O 6:30 opuszczam kwaterę i zmierzam w kierunku Kuźnic. Szybkim krokiem docieram do pierwszych tabliczek i spoglądam na czas do Hali Kondratowej - 1h 10min. No to start! 

Kuźnicki szlakowskaz
Pierwszy etap wędrówki czeka mnie szeroką brukowaną drogą. Nad moją głową niezmiennie wiszą chmury, ale wciąż mam nadzieję, że meteoblue nie zawiedzie. Na rozstaju szlaku niebieskiego, wybieram wariant lewy, czyli omijający Hotel Górski i po 30 minutach marszu znajduję się u podnóża Polany Kalatówki.

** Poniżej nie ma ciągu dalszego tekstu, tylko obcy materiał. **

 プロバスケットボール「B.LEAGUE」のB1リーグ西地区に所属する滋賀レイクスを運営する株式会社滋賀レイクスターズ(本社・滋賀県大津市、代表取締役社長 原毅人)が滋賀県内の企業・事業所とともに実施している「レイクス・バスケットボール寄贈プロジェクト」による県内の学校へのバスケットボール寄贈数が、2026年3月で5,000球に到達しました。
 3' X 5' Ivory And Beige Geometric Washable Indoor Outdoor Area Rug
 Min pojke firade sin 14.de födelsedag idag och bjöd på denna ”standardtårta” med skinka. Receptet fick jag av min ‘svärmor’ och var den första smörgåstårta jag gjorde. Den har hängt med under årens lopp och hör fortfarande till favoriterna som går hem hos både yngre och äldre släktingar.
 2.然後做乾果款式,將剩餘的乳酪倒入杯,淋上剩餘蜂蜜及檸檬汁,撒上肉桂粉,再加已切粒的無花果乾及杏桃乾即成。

Polana Kalatówki, Hotel Górski, bacówki i owieczki
Idę żwawo przed siebie do ponownego połączenia niebieskich szlaków, po czym wchodzę w piętro lasu. Powietrze jest wilgotne i ciężkie, więc po drodze kolejno zrzucam z siebie warstwy ubrań. Maszeruję ścieżką ułożoną z kamieni, które są nieco śliskie po wczorajszym deszczu. Po ostatniej prostce wychodzę na otwarty teren i po 20 minutach wyłania się przede mną schronisko na Hali Kondratowej. Schronisko o typowym górskim klimacie mnie urzeka. Niewielka, drewniana chata ma w sobie coś magicznego i przyciągającego. 

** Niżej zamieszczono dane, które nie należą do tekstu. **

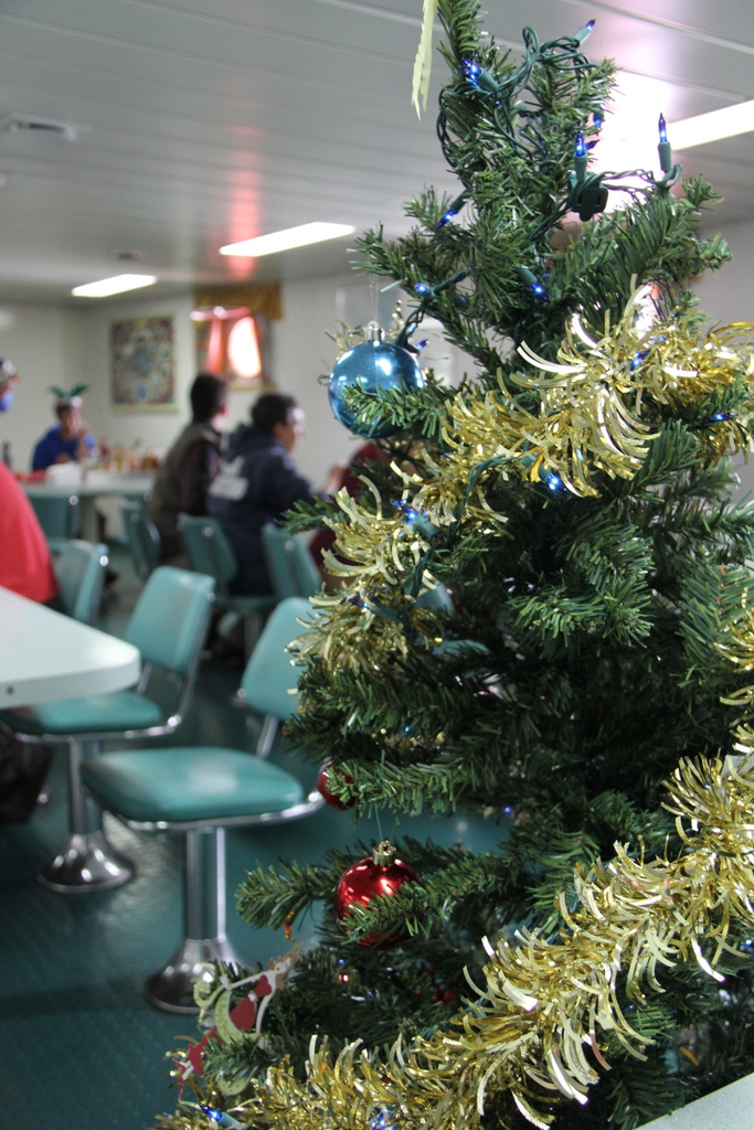 Last year, Christmas arrived at a lull in the science while we were buckled in for a storm mid-ocean. It felt like a holiday: we were already more than halfway through the cruise by then and had achieved that sort of bonding that is fostered by sea voyages and other inadvisable adventures. This year we were still tied up at the cargo pier and trying to get settled in.
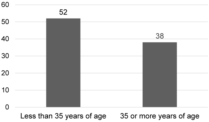 A total of 90 patients were enrolled in the study. There were 71.1% male and 28.9% female patients (Figure 1 [Fig. 1]). The mean age of patients was 35.1±12.9 years. 57.8% were below 35 years of age and 42.2% were 35 or more years of age (Figure 2 [Fig. 2]). 48.9% of patients presented with less than 10 days history of symptoms and 51.1% had symptoms lasting for 10 or more days at presentation.

Schronisko na Hali Kondratowej
Jeszcze jeden kadr w towarzystwie wierzbówki
Po odpoczynku ruszam dalej i kieruję się na lewo - zielonym szlakiem na Przełęcz pod Kopą Kondracką. Dokładnie tak, bo chociaż moim celem dziś jest Giewont, to postanowiłam go zdobyć od strony Czerwonych Wierchów, co by nie było za łatwo. Póki co atmosfera na Hali Kondratowej jest mroczna i tajemnicza, czyli w skrócie zero gór tylko chmury 😉

Tam gdzieś jest Kopa Kondracka
Początkowo wąska ścieżka prowadzi przez polanę, by po chwili piąć się kamiennymi stopniami w górę. W Dolinie Kondratowej robię krótki postój na łyk wody i nagle coś rzuca mi się w oczy, a właściwie nie coś, tylko niedźwiedzica z trójką młodych! Rodzinka właśnie przyszła na jagodowe śniadanie. Na szczęście była między nami spora odległość, ale i tak jakoś zaczęłam iść szybciej (ciekawe dlaczego?😜).

Mgliste podejście
Niedźwiedzia rodzinka
Po chwili szlak robi się coraz bardziej stromy i zaczyna prowadzić zakosami w kierunku przełęczy. Podejście kondycyjnie daje nieźle popalić, ale staram się utrzymać równe tempo, dzięki czemu sprawnie idzie. Po 40 minutach marszu niespodziewanie pojawiają się pierwsze promienie słońca. Czyżby rozwiało chmury? Otóż nie, one zostały poniżej... Widok jest niesamowity! Uśmiecham się szeroko, bo takie cudo zdarza mi się w Tatrach po raz pierwszy. Nie ma takich słów, by opisać jakie wrażenie robi morze chmur w górach...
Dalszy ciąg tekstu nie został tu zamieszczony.